A pesquisa de Kessel foi publicada em 1997, e Domingo resgatou essa lembrança, de uma lenda que até hoje intriga muitas pessoas, e que acabou fazendo parte do folclore do Rio Antigo, ou melhor, de um Rio bem mais antigo do que a idéia oficial de "Rio Antigo" que passa na mente de muitos, de um Rio urbano da fase Pereira Passos, no início do Século XIX.

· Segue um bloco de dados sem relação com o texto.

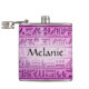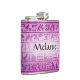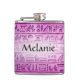 A Custom Ancient Egyptian Hieroglyphs Purple Flask with ancient hieroglyphs engraved on stone in rows, and the option of personalising it with the name of your choice.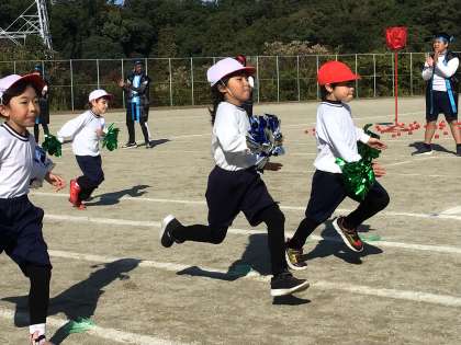 1年生の様子です。ダンス、徒競走、玉入れを頑張りました。

Essa crença provavelmente remete ao final do século XVIII. A essas alturas, o município do Rio de Janeiro já contava com pouco mais de dois séculos de existência. A cidade, cujo berço a História registra como o Morro Cara de Cão, hoje conhecido mundialmente como Pão de Açúcar, havia sofrido a invasão de franceses liderados por Nicolau Villegaignon, a serviço da monarquia de seu país, que queria instituir, no Brasil, a França Antártica. A resistência das tropas do governador-geral Mem de Sá, com o apoio dos indígenas catequizados pelos padres da Companhia de Jesus, conseguiu derrotar os franceses. Mas os combates, difíceis, fizeram com que a sede do governo de Mem se mudasse para o Morro do Desterro (depois Morro do Castelo), depois que seu sobrinho Estácio foi morto no combate, repetindo a tragédia que antes havia ocorrido com o filho do governador, Fernão, no Espírito Santo.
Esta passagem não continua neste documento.